BANK OF THE WEST CLASSIC
At Stanford
First-round singles
   Varvara Lepchenko, United States, def. Mirjana Lucic-Baroni, Croatia, 3-6, 6-2, 7-6 (4).
   Ana Konjuh, Croatia, def. Saisai Zheng, China, 6-3, 6-4.
   Elina Svitolina (8), Ukraine, def. Kateryna Bondarenko, Ukraine, 4-6, 6-4, 7-5.
   Ajla Tomljanovic, Croatia, def. Vitalia Diatchenko, Russia, 3-6, 6-0, 6-0.
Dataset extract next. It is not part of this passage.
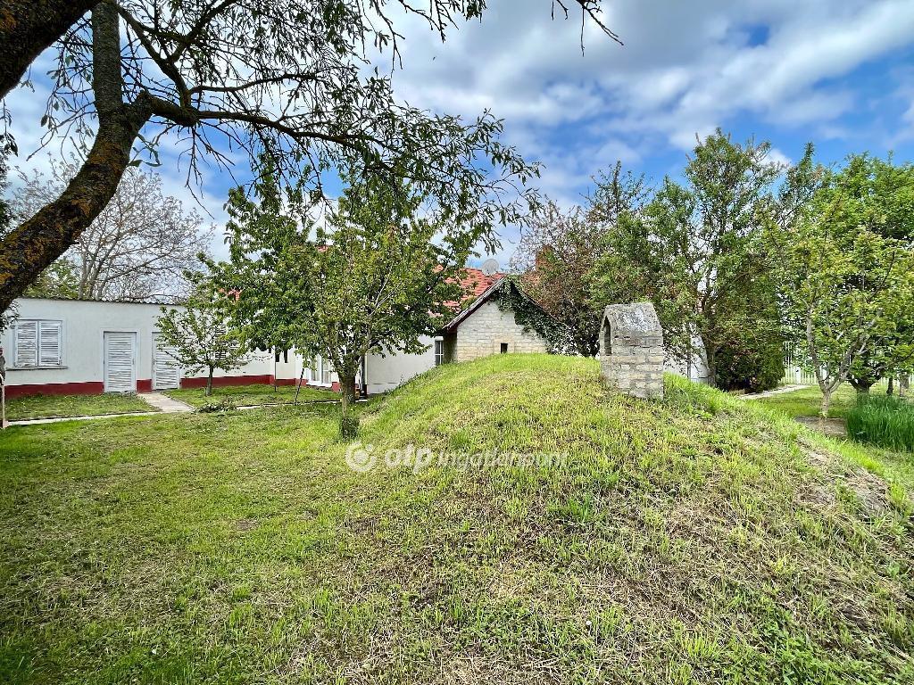 Győrtől 20 km-re, Téti járásban, MÉRGESen átmenő forgalomtól mentes, csendes kis településen 7459 nm -es, teljesen körbekerített telken, teljes közműves 120 nm -es lakóház ELADÓ, amely ideális lehet egy nagyobb létszámú család részére is. A házzal egybe van építve egy 25 nm garázs is amely (akár) átalakítható lakószobává is. A házban 2 szoba, nagy étkező, nagy nappali, konyha, spájz, fürdőszoba áll a lakók részére. Központi gázfűtés van, amihez nagy teljesítményű vízteres fatüzelésű kandalló csatlakozik. Az ingatlan (kert) területén, egy gyönyörű kb. 6x3-as, 20 nm -es téglából épített boltíves, hűvös pince is megtalálható. A telek további részén, egy hatalmas egybefüggő épület van fedett terasszal. Ez a melléképület Leier - téglából épített, mennyezete szigetelt, gáz- és vízvezetékkel, 3x25A árammal ellátott, így kis- vagy közepes vállalkozásra, vagy raktározásra kiválóan alkalmas. A kerti részen többfajta gyümölcsfa található, az 500 nm -es udvari rész térkővel burkolt. Az ingatlanhoz tartozó 5000 nm -es szintén körbekerített hátsó kerti rész akár gazdasági célokat is szolgálhat. Amennyiben hirdetés felkeltette érdeklődését, keressen bennünket bizalommal. Az ingatlan OSP (Otthon Start Orogram) hitellel is megvásárolható!

   Angelique Kerber (5), Germany, def. Daria Gavrilova, Russia, 6-1, 6-3.
   Kimiko Date-Krumm, Japan, def. Sabine Lisicki, Germany, 1-6, 7-6 (4), 6-2. 
First-round doubles 
   Anbel Medina Garrigues and Arantxa Parra Santonja (2), Spain, def. CiCi Bellis and Jacqueline Cako, United States, 6-4, 7-6 (4).
   Gabriela Dabrowski, Canada, and Alicja Rosolska (3), Poland, def. Aleksandra Krunic, Serbia, and Andrea Petkovic, Germany, 4-6, 7-6 (4) [12-10].
   Yi-Fan Xu and Saisai Zheng, China, def. Klaudia Jans-Ignacik, Poland, and Mirjana Lucic-Baroni, Croatia, 6-4, 3-6 [10-4].
Wednesday's schedule
Stadium Court
(Starting at 11 a.m.)
   Andrea Petkovic (6), Germany, vs. Mona Barthel, Germany.
(Not before 1 p.m.)
   Carla Suarez Navarro (3), Spain, vs. Alison Riske, United States.
   Raquel Kops-Jones and Maria Sanchez (4), United States, vs. Mona Barthel and Sabine Lisicki, Germany.
(Not before 7 p.m.)
   Madison Keys (7), United States, vs. Ajla Tomljanovic, Croatia.
   Elina Svitolina (8), Ukraine, vs. Nicole Gibbs, United States.
Court 6
(Starting at 2 p.m.)
   Chin-Wei Chan, Taiwan, and Darija Jurak, Croatia, vs. Vitalia Diatchenko, Russia, and Anna Tatishvili, United States.